(Dataset records)

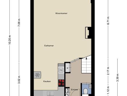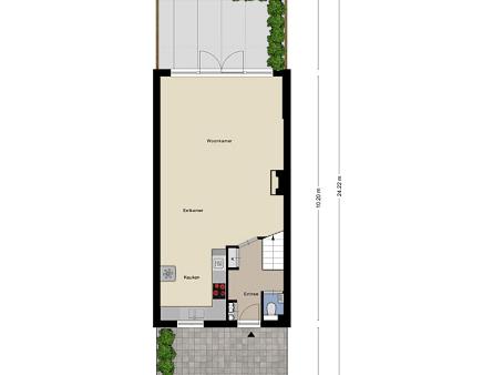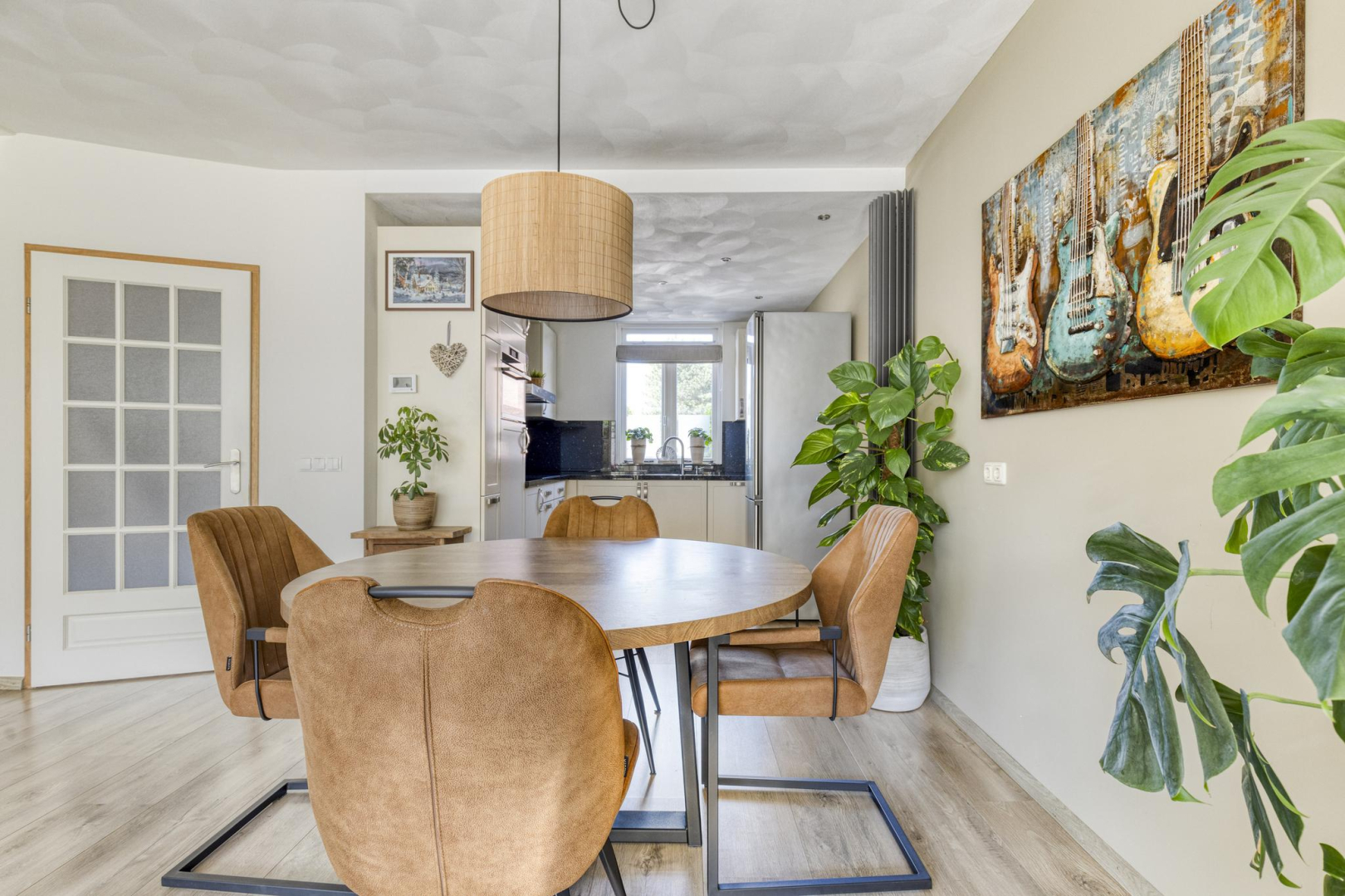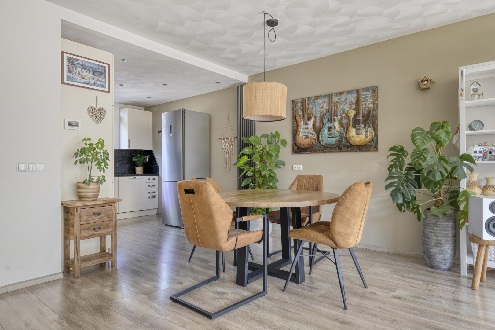 in de woonkamer. De open keuken heeft een lichte kleurstelling, een granieten aanrechtblad en diverse inbouwapparatuur, waaronder een combi-magnetron, vaatwasser, inductieplaat met rvs afzuigkap en een losse koelkast. De benedenverdieping is voorzien van een neutrale laminaatvloer.
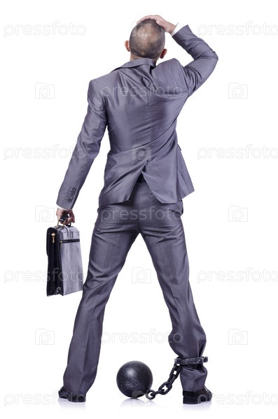 Бизнесмен с наручниками, изолированный на белом
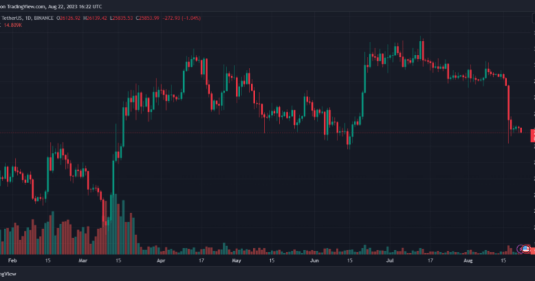 As of this writing, Bitcoin trades at $26,000 with sideways motion within the final 24 hours. Within the earlier seven days, the cryptocurrency recorded a 12% correction which has severely impacted different property within the sector, notably XRP and Binance Coin (BNB), which recorded losses north of 15% in the identical interval.
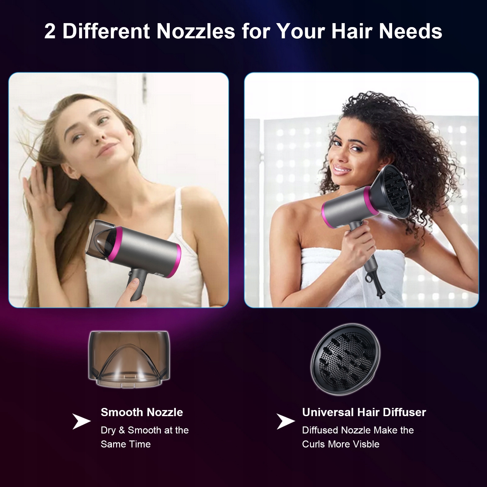4. Приєдналися аксесуари: фен оснащений насадкою концентратора та дифузором, що забезпечує універсальні варіанти стилю для різних волосся та стилів.
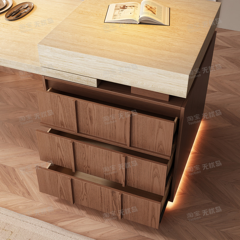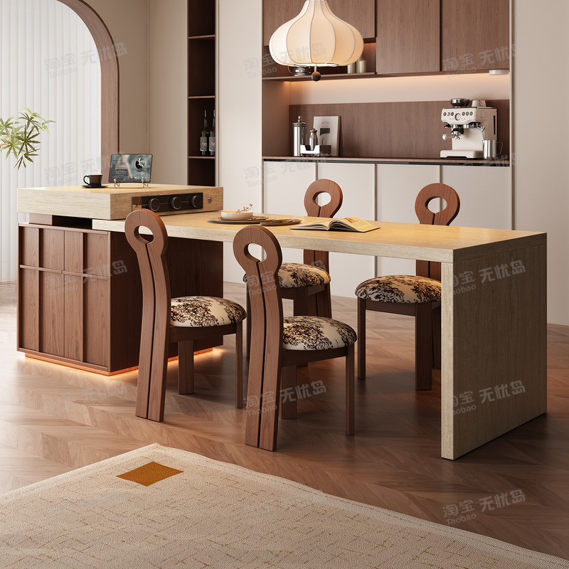 中古风岩板岛台餐桌一体家用可伸缩全岩厨房餐厅法式洞石定制导台
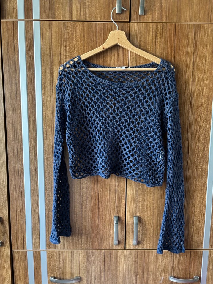 triko fileli delikli lacivert kazak
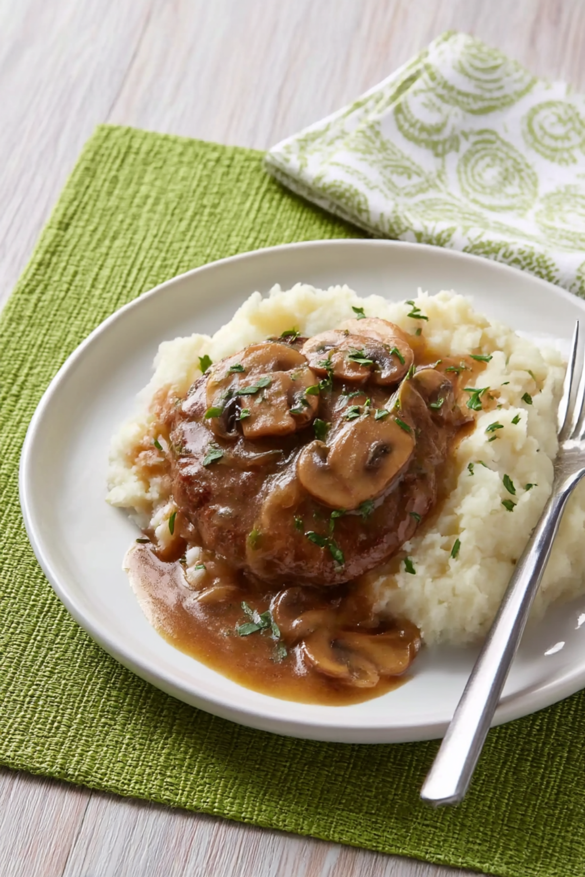 Juicy hamburger steaks seared to perfection and smothered in a rich onion and mushroom gravy. This comforting classic brings savory flavors and nostalgic warmth to your dinner table.
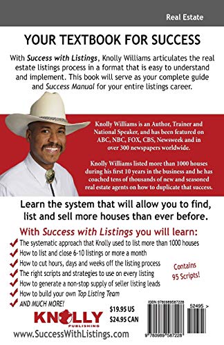 In Success with Listings, Knolly Williams articulates the real estate listings process in a format that is easy to understand and implement. This book will serve as your complete guide and Success Manual for your entire listings career.
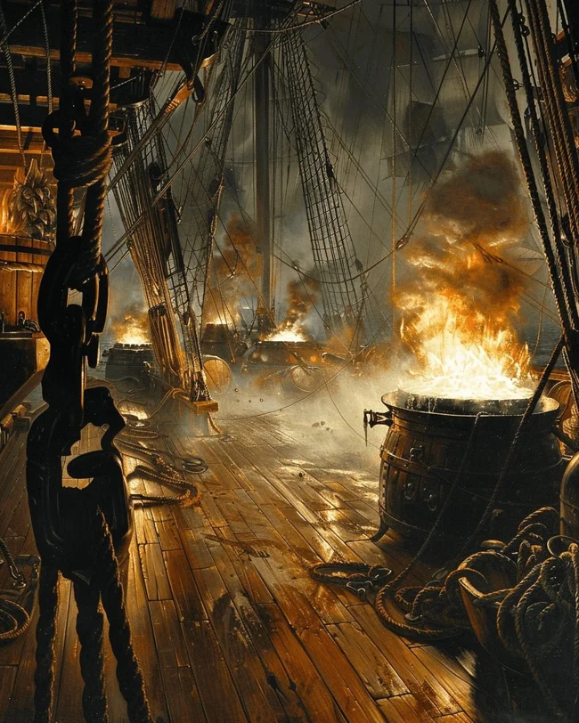 Голландський корабель зробив один точний постріл головним кораблем імперії — Le Louis. Ядро потрапило не в корпус, не в вітрила... а в котел суповий, що стояв на палубі.
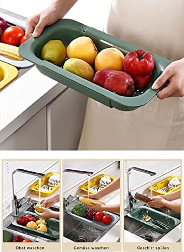 Qimh Colander collapsible, Colander Strainer Over The Sink Vegetable Fruit Strainer Basket (6 Quart) with Extendable Handles, New Kitchen Essentials
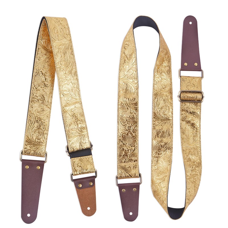 Haecsfl Adjustable Guitar Strap Includes 2 Strap Locks & 2 Matching Picks & 1 Picks Holder & 1 leather Strap Button.Leather ends Guitar Shoulder Strap(1-Carved5 Light Gold)
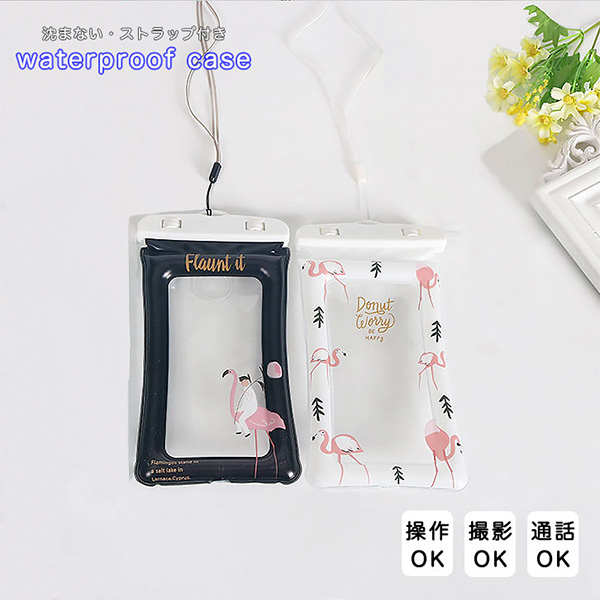 防水ケース スマートフォン iphone 小物ケース フラミンゴ ネックストラップ スマホ 海 プール 夏

• **ACTION ITEM**
Give again the stretch of lines above from the one with "4. Приєдналися аксесуари: фен" through the one with "In Success with", both ends kept, and copy no pictures.

• **ANSWER BOX**
4. Приєдналися аксесуари: фен оснащений насадкою концентратора та дифузором, що забезпечує універсальні варіанти стилю для різних волосся та стилів.
 中古风岩板岛台餐桌一体家用可伸缩全岩厨房餐厅法式洞石定制导台
 triko fileli delikli lacivert kazak
 Juicy hamburger steaks seared to perfection and smothered in a rich onion and mushroom gravy. This comforting classic brings savory flavors and nostalgic warmth to your dinner table.
 In Success with Listings, Knolly Williams articulates the real estate listings process in a format that is easy to understand and implement. This book will serve as your complete guide and Success Manual for your entire listings career.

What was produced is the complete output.